In the French context, the term moral harassment emerged with the publication of the book by Marie-France Hirigoyen (1998). The author talks about daily violence and moral harassment. She makes a link with the notion of narcissistic pervert . This link leads to the emergence of the notion of victim - executioner whenever we talk about moral harassment. This vision is taken up in the law against moral harassment of 2002, reinforced in 2012.
By qualifying the adversary as a predator, regardless of the relationship, we validate a powerlessness in the face of someone who is excessively dangerous. In the face of fear, and when you think you can't get out of the relationship, you may tend to:
- avoid
- control the other, to the point of giving meaning to their powerlessness: we qualify the other independently of what we do, by saying “there is someone stronger than me”: he is a bully = he is a narcissistic pervert.
THE VICTIM
Often the victim has a need for recognition and she continues to fight hoping that one day he (the executioner) will recognize her value (“I have value and one day I hope he will recognize it”). She thinks she has the strength to be able to achieve this, but she, like Achille, (is weak because she) does not recognize her helplessness and her fragility in the relationship
THE EXECUTIONER
The executioner, like Goliath, is so entangled by his arsenal and his conviction of omnipotence that he does not realize his fragility.
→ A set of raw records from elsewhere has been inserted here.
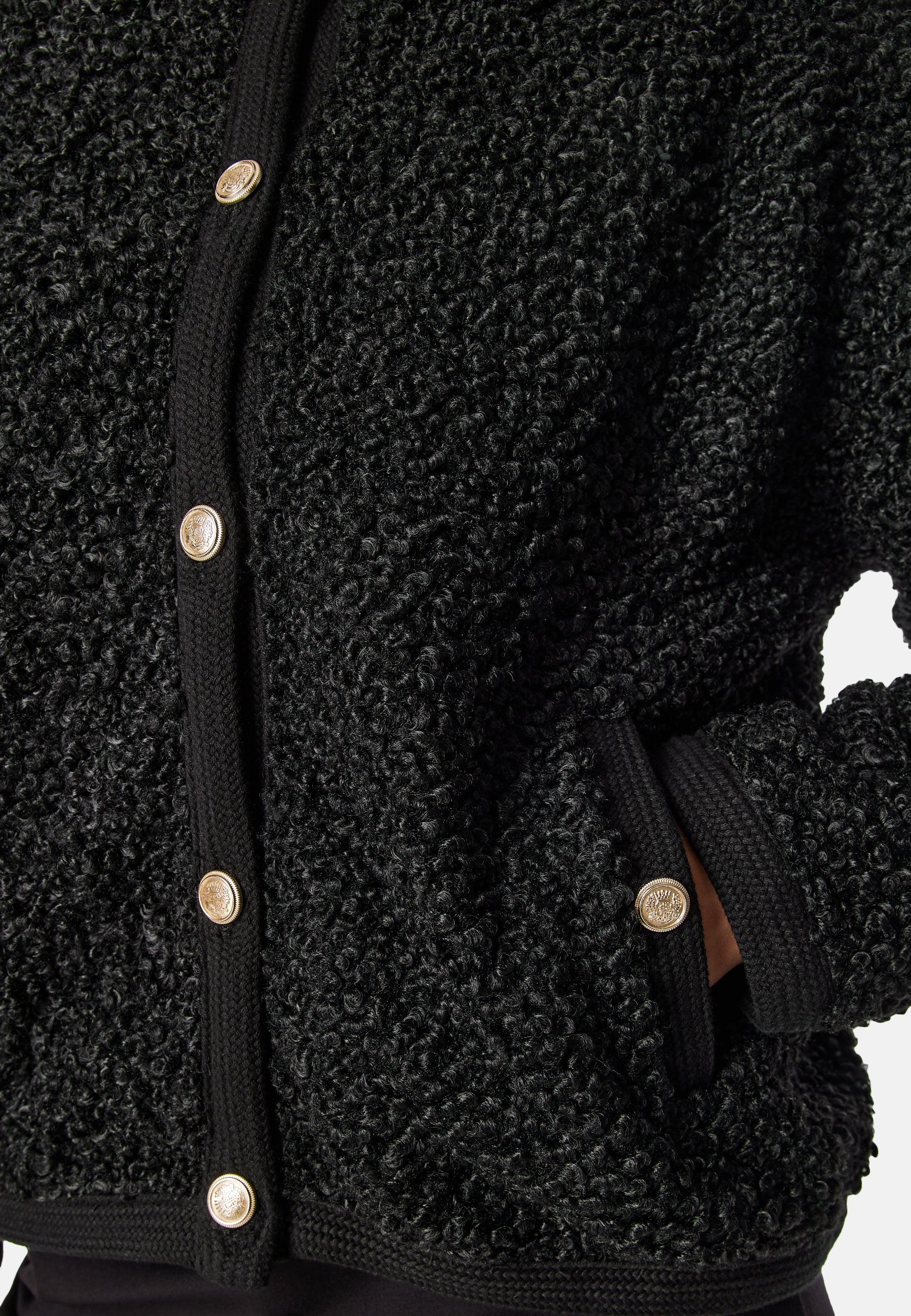 - Knäppkant med guldknappar.
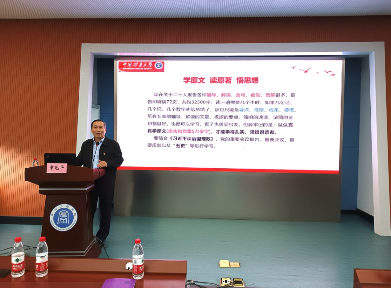 在矿业科学中心A200报告厅举行学习贯彻党的二十大精神宣讲报告会,校巡回宣讲团成员、工会主席章毛平应邀做宣讲报告。报告会由院党委书记曲颂主持,院党委中心组成员及全体教职工参加报告会。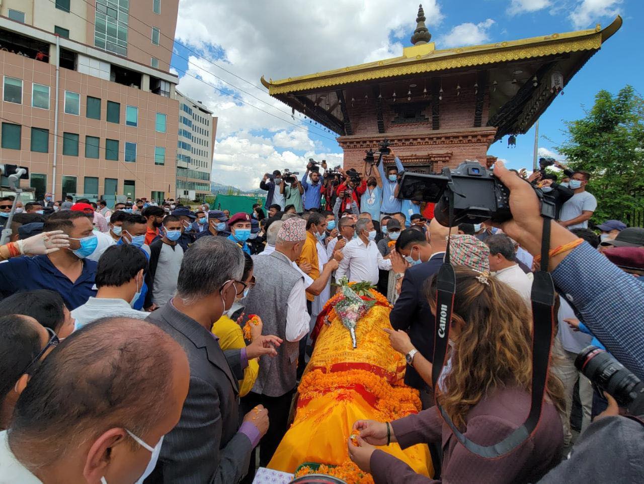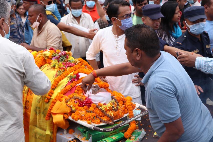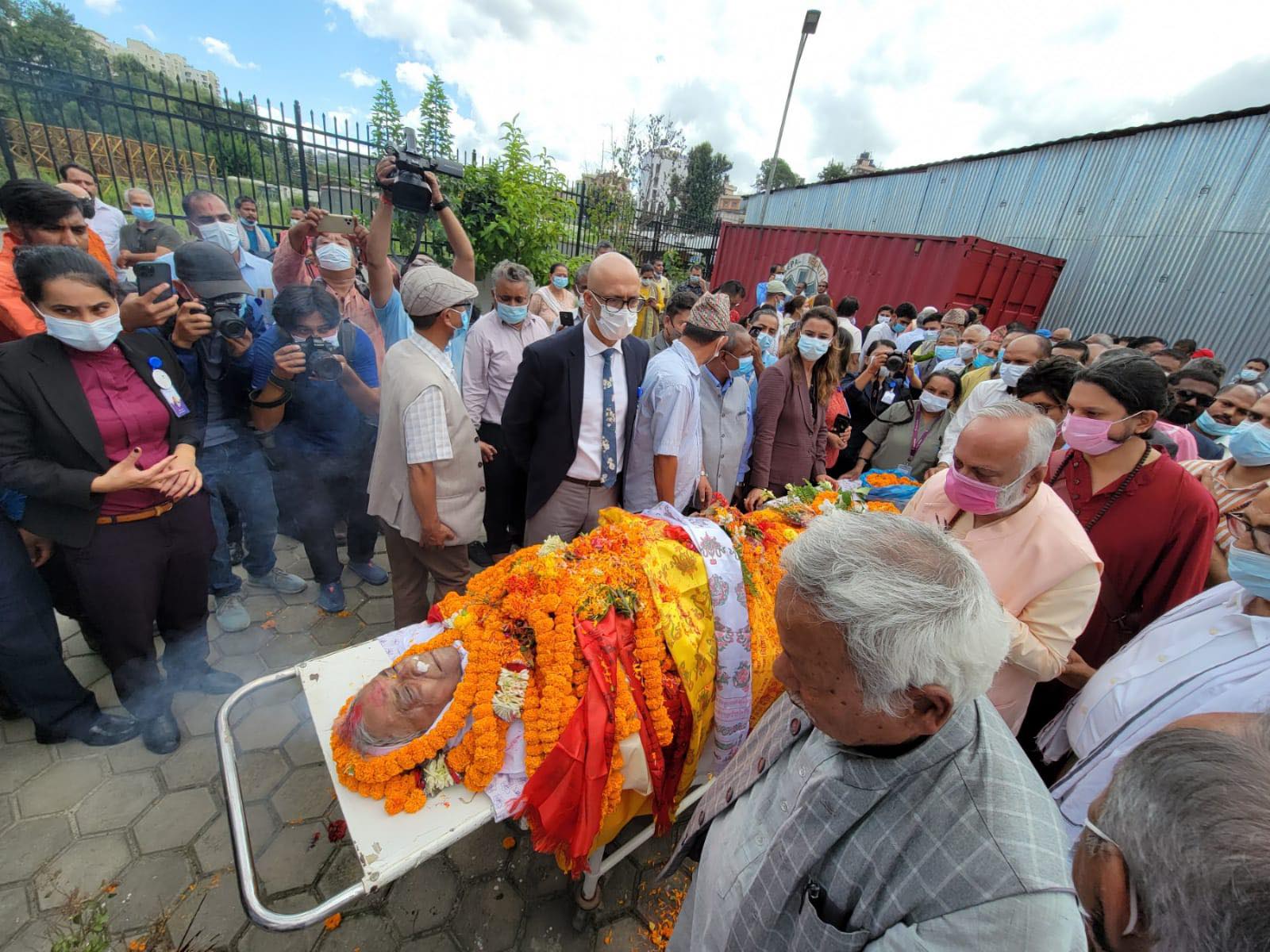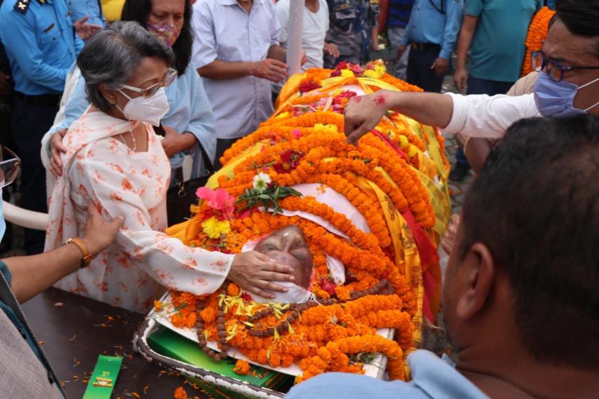 कांग्रेस सभापति तथा प्रधानमन्त्री शेरबहादुर देउवा, माओवादी अध्यक्ष तथा पूर्वप्रधानमन्त्री पुष्पकमल दाहाल प्रचण्ड, नेपाल समाजवादी अध्यक्ष तथा पूर्वप्रधानमन्त्री डा. बाबुराम भट्टराईले पार्थीव शरीरमा पुष्पगुच्छा चढाएर श्रद्धाञ्जली व्यक्त गरेका छन् ।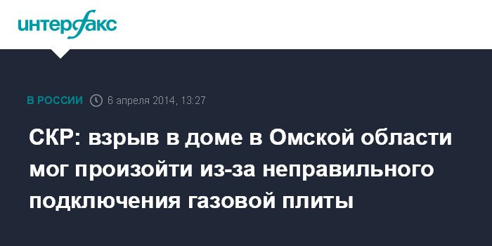 Москва. 6 апреля. INTERFAX.RU - Одна из версий взрыва газа в Омской области - самовольное подключение плиты. "Проверяется версия о возможном самовольном подключении газовой плиты одним из жильцов. Рассматриваются и другие версии случившегося", - говорится в сообщении, размещенном в воскресенье на сайте СУ СКР по Омской области.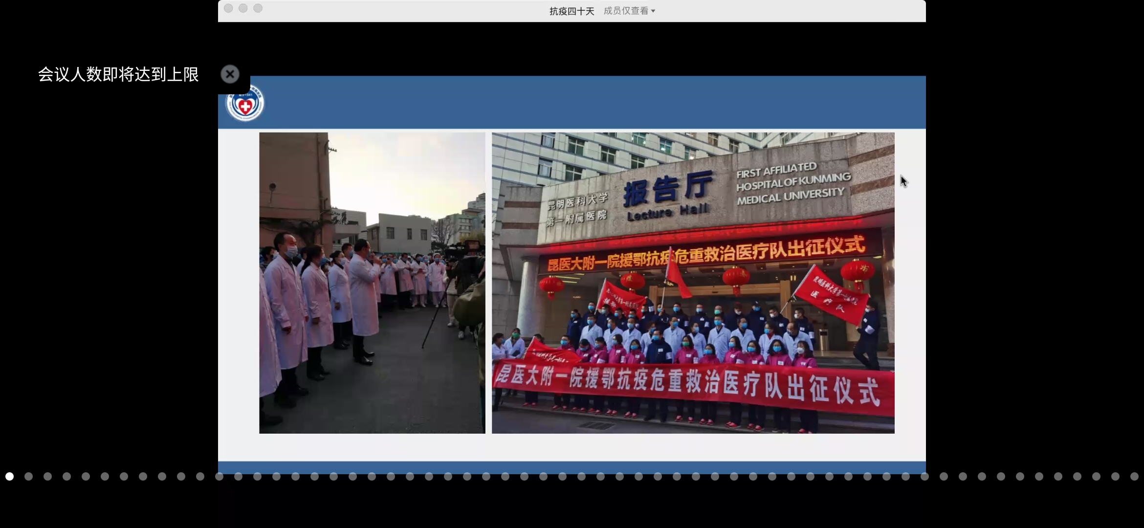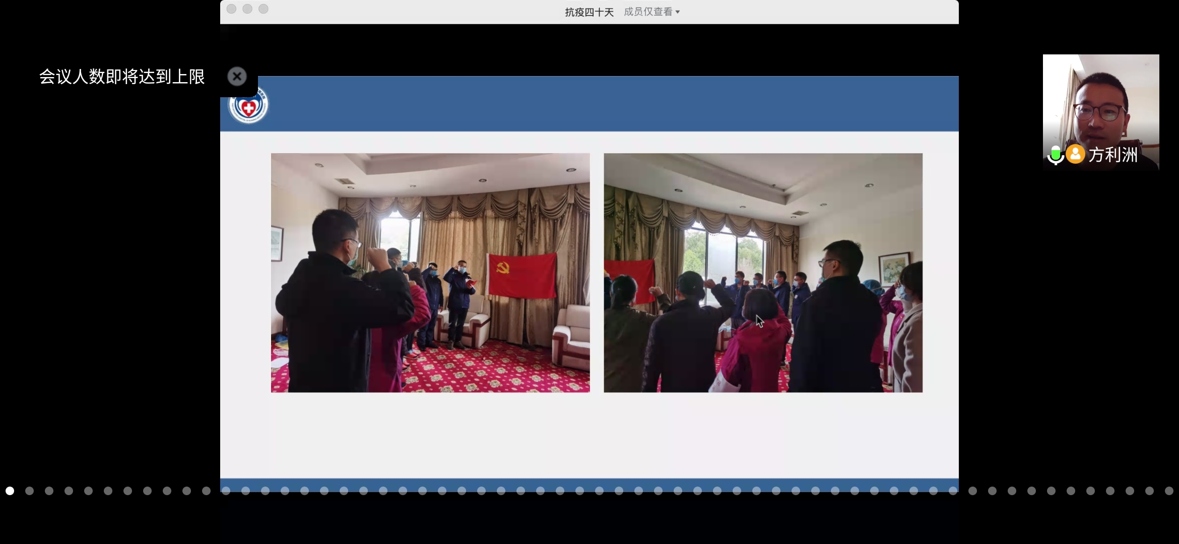 方利洲用序幕篇、出征篇、奋斗篇、花絮篇、凯旋篇五个篇章,向同学们重现抗疫40天的工作——在湖北的凌寒冬日,被密不透风的防护服裹得全身湿透;为了不影响工作,只能靠拼命甩头来避免护目镜起雾;为了节约防护服,每天穿着成人尿不湿上班;队伍中有一名护士因过度劳累而昏厥,倒下的时候还撞到桌子导致骨折……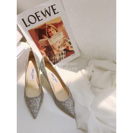 Jimmy Choo Fashion Blingbling Sheepskin Pointed High Heels For Women Silver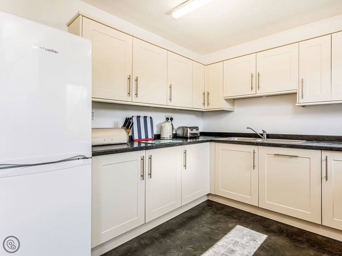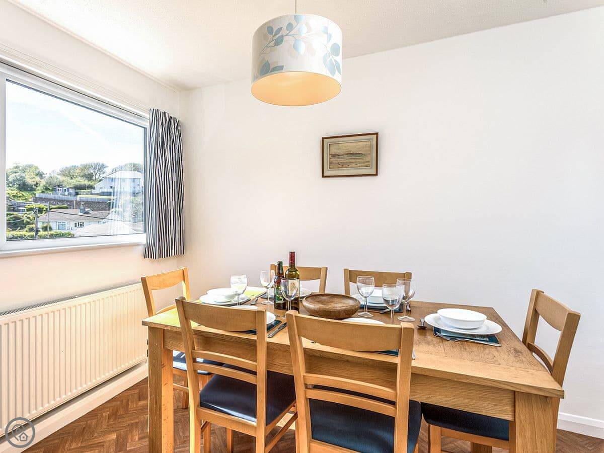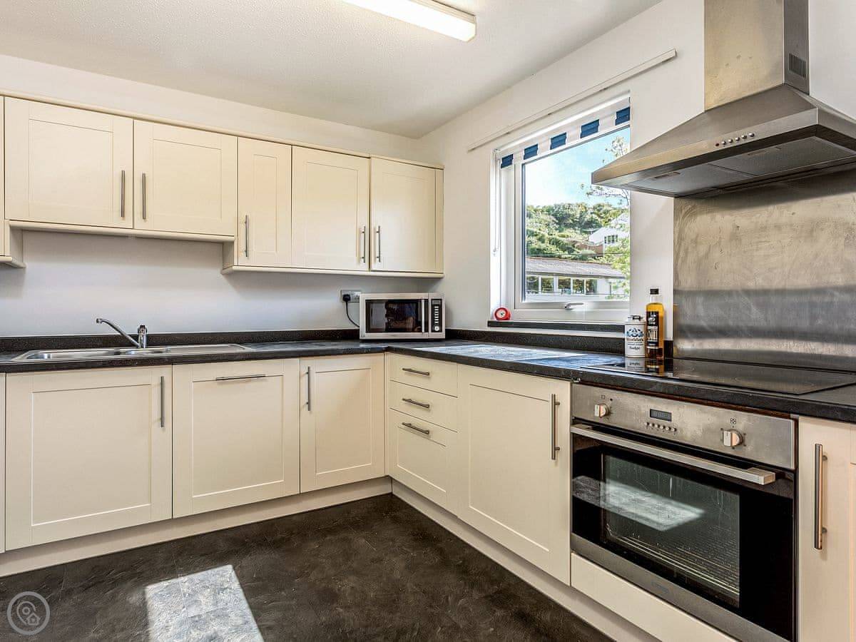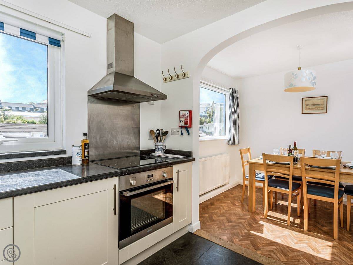 The kitchen is modern and has a dining area. You've got a dishwasher, fridge-freezer, and washing machine. The washing machine is in the big garage on the ground floor, which is useful for drying wetsuits and coats if the weather's bad. There's a small garden at the side.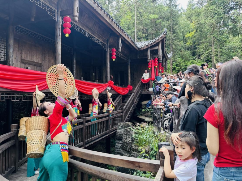 熱情洋溢的迎客攔門酒,大型情景劇《戀上梭布埡 愛(ài)在女兒會(huì)》讓遠(yuǎn)道而來(lái)的游客感受到了土家兒女熱情好客的情誼和豐富多彩的民俗文化。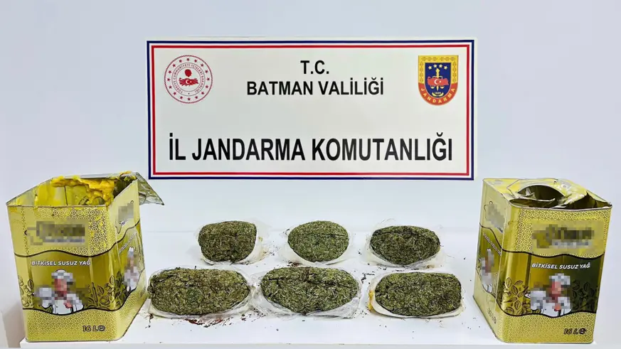 Batman Valiliğince yapılan açıklamada, "İl Jandarma Komutanlığı ekiplerince uyuşturucu ile mücadele dahilinde yapılan çalışmada Pınarbaşı Mahallesi'nde M.R. ve O.A. isimli şüpheli şahıslara ait araçta yapılan aramada 2 adet bitkisel yağ tenekesi içerisinde streç filmle sarılarak gizlenmiş 6 parça halinde toplam 5 kilo 800 gram kubar esrar ele geçirilmiştir.

Faced with this non-recognition, there is an increasingly harassing harasser and an increasingly fragile victim and the actors around who participate in spite of themselves in encysting the situation. The more one insists and justifies himself, the more the other tries to reassure him and the more the relationship becomes harassing.
The aim of the intervention will be to help the victim and the executioner to touch and display their own fragility.